___ DATA ___

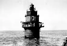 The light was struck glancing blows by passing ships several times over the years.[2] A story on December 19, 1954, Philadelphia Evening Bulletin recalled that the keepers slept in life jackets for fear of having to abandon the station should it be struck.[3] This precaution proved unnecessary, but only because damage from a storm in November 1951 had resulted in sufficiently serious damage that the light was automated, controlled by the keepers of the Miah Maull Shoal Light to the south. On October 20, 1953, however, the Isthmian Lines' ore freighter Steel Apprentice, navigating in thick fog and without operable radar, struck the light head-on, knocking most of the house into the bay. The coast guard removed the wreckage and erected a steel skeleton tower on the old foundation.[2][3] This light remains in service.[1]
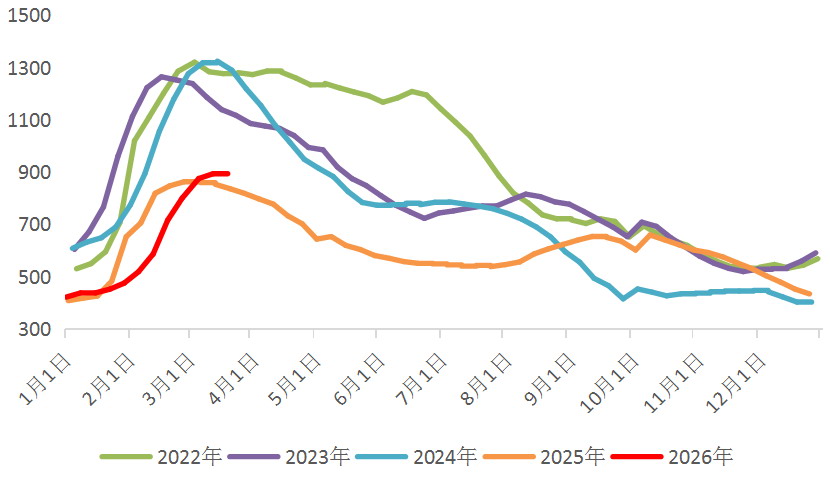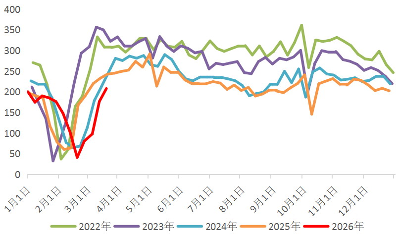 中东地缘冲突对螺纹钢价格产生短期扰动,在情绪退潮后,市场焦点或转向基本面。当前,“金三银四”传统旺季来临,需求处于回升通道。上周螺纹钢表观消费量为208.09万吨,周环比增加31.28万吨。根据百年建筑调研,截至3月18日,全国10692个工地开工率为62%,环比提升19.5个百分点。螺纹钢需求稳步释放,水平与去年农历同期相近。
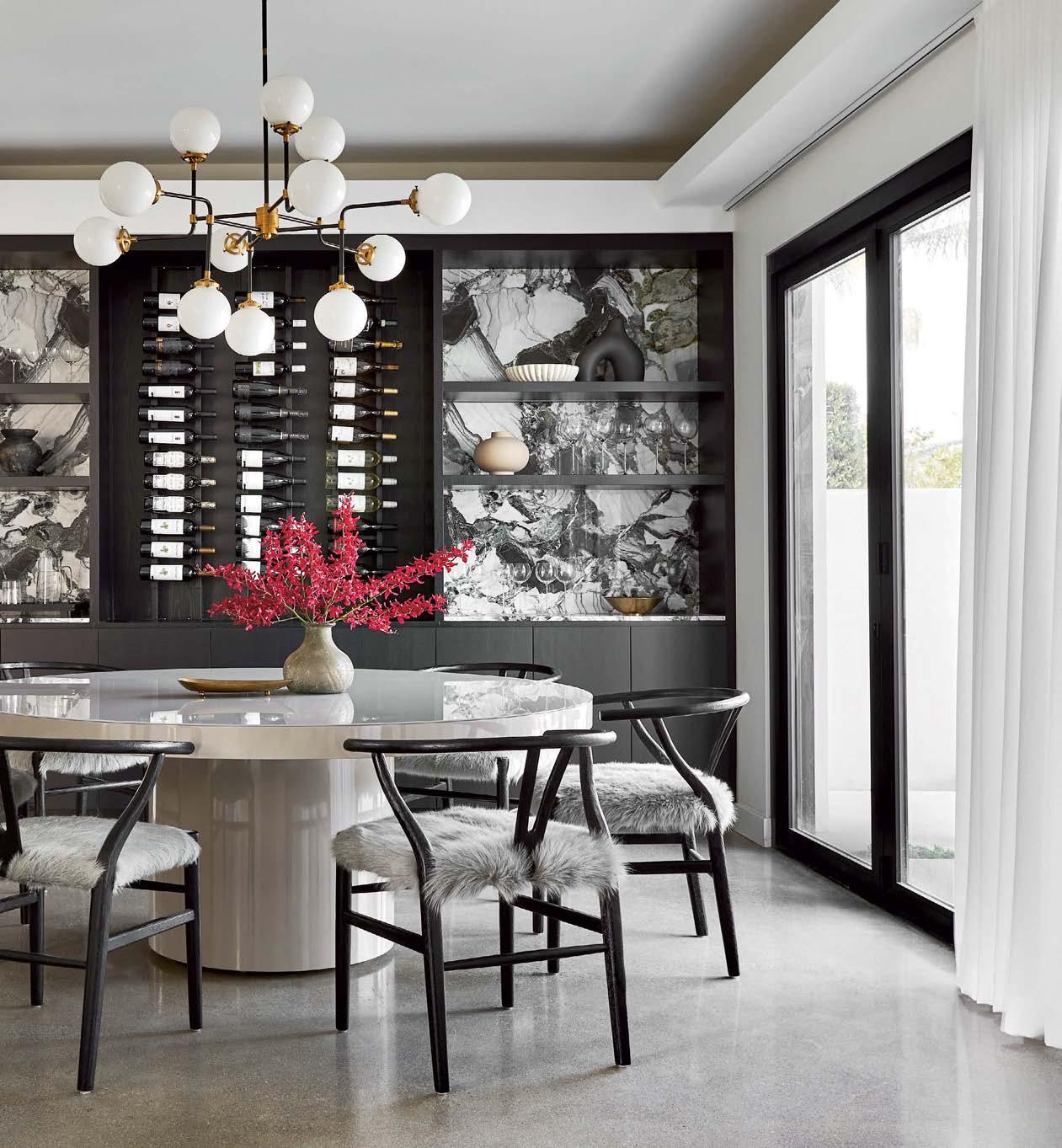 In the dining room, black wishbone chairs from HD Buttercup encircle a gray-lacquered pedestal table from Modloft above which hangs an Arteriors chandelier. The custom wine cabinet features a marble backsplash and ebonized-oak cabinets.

___

**EXERCISE GOAL:** Restate each line above exactly, keeping pictures out.

**ANSWER SECTION:**
 The light was struck glancing blows by passing ships several times over the years.[2] A story on December 19, 1954, Philadelphia Evening Bulletin recalled that the keepers slept in life jackets for fear of having to abandon the station should it be struck.[3] This precaution proved unnecessary, but only because damage from a storm in November 1951 had resulted in sufficiently serious damage that the light was automated, controlled by the keepers of the Miah Maull Shoal Light to the south. On October 20, 1953, however, the Isthmian Lines' ore freighter Steel Apprentice, navigating in thick fog and without operable radar, struck the light head-on, knocking most of the house into the bay. The coast guard removed the wreckage and erected a steel skeleton tower on the old foundation.[2][3] This light remains in service.[1]
 中东地缘冲突对螺纹钢价格产生短期扰动,在情绪退潮后,市场焦点或转向基本面。当前,“金三银四”传统旺季来临,需求处于回升通道。上周螺纹钢表观消费量为208.09万吨,周环比增加31.28万吨。根据百年建筑调研,截至3月18日,全国10692个工地开工率为62%,环比提升19.5个百分点。螺纹钢需求稳步释放,水平与去年农历同期相近。
 In the dining room, black wishbone chairs from HD Buttercup encircle a gray-lacquered pedestal table from Modloft above which hangs an Arteriors chandelier. The custom wine cabinet features a marble backsplash and ebonized-oak cabinets.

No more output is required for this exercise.